Client-server is a relationship in which one program (the client) requests a service or resource from another program (the server). At the turn of the last century, the label client-server was used to distinguish distributed computing by personal computers (PCs) from the monolithic, centralized computing model used by mainframes.
Today, computer transactions in which the server fulfills a request made by a client are very common and the client-server model has become one of the central ideas of network computing. In this context, the client establishes a connection to the server over a local area network (LAN) or wide-area network (WAN), such as the Internet. Once the server has fulfilled the client's request, the connection is terminated. Because multiple client programs share the services of the same server program, a special server called a daemon may be activated just to await client requests.
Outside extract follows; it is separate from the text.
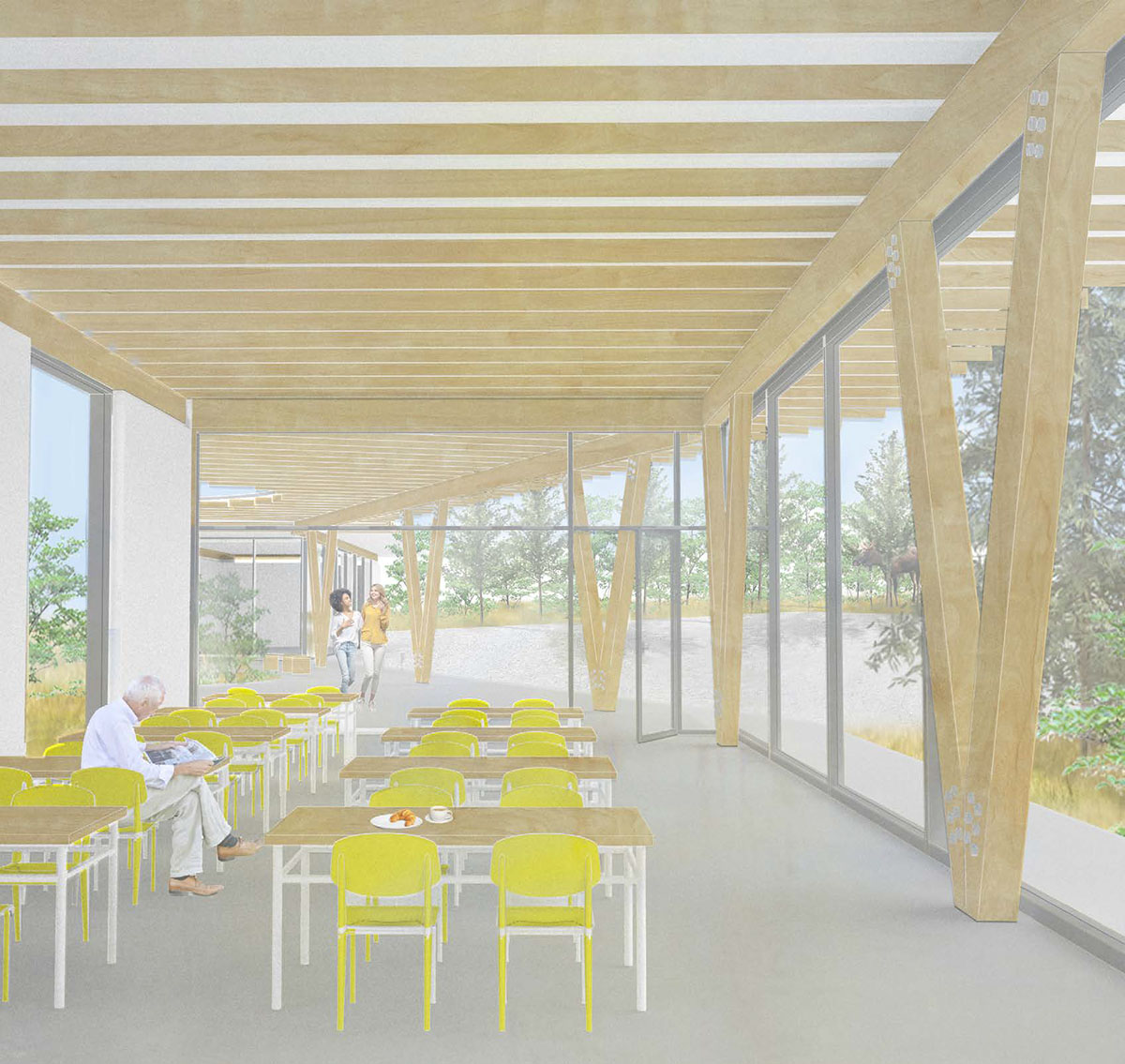 Förslaget har ett vackert skärmtak och byggnaden är skickligt genomarbetad. Själva idén bygger på att den kan göras i flera olika storlekar och anpassas beroende på vilka funktioner man behöver. Det är en klok tanke att utgå från, men man kan fundera över takets funktionalitet i en så öppen struktur.

In the early days of the internet, the majority of network traffic was between remote clients requesting web content and the data center servers that provided the content. This traffic pattern is referred to as north-south traffic. Today, with the maturity of virtualization and cloud computing, network traffic is more likely to be server-to-server, a pattern known as east-west traffic. This, in turn, has changed administrator focus from a centralized security model designed to protect the network perimeter to a decentralized security model that focuses more on controlling individual user access to services and data, and auditing their behavior to ensure compliance with policies and regulations.
An important advantage of the client-server model is that its centralized architecture helps make it easier to protect data with access controls that are enforced by security policies. Also, it doesn't matter if the clients and the server are built on the same operating system because data is transferred through client-server protocols that are platform-agnostic.
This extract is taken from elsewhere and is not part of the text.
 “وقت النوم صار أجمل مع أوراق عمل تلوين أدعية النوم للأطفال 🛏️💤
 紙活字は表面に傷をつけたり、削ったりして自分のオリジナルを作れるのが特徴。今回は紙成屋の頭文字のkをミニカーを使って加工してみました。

An important disadvantage of the client-server model is that if too many clients simultaneously request data from the server, it may get overloaded. In addition to causing network congestion, too many requests may result in a denial of service.
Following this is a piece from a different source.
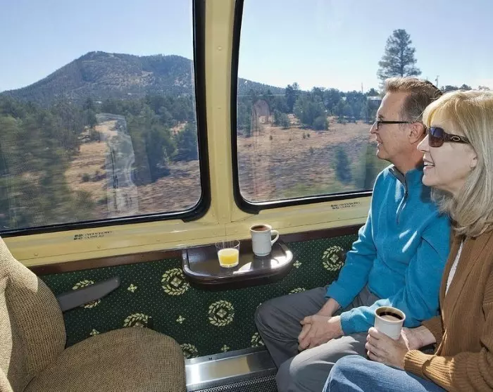 The excursion includes: Return train ride between Williams and Grand Canyon plus national park fee/admission

Clients typically communicate with servers by using the TCP/IP protocol suite. TCP is a connection-oriented protocol, which means a connection is established and maintained until the application programs at each end have finished exchanging messages. It determines how to break application data into packets that networks can deliver, sends packets to and accepts packets from the network layer, manages flow control and handles retransmission of dropped or garbled packets as well as acknowledgement of all packets that arrive.In the Open Systems Interconnection (OSI) communication model, TCP covers parts of Layer 4, the Transport Layer, and parts of Layer 5, the Session Layer.
In contrast, IP is a connectionless protocol, which means that there is no continuing connection between the endpoints that are communicating. Each packet that travels through the Internet is treated as an independent unit of data without any relation to any other unit of data. (The reason the packets do get put in the right order is because of TCP.) In the Open Systems Interconnection (OSI) communication model, IP is in layer 3, the Networking Layer.
Other program relationship models included master/slave and peer-to-peer (P2P). In the P2P model, each node in the network can function as both a server and a client. In the master/slave model, one device or process (known as the master) controls one or more other devices or processes (known as slaves). Once the master/slave relationship is established, the direction of control is always one way, from the master to the slave.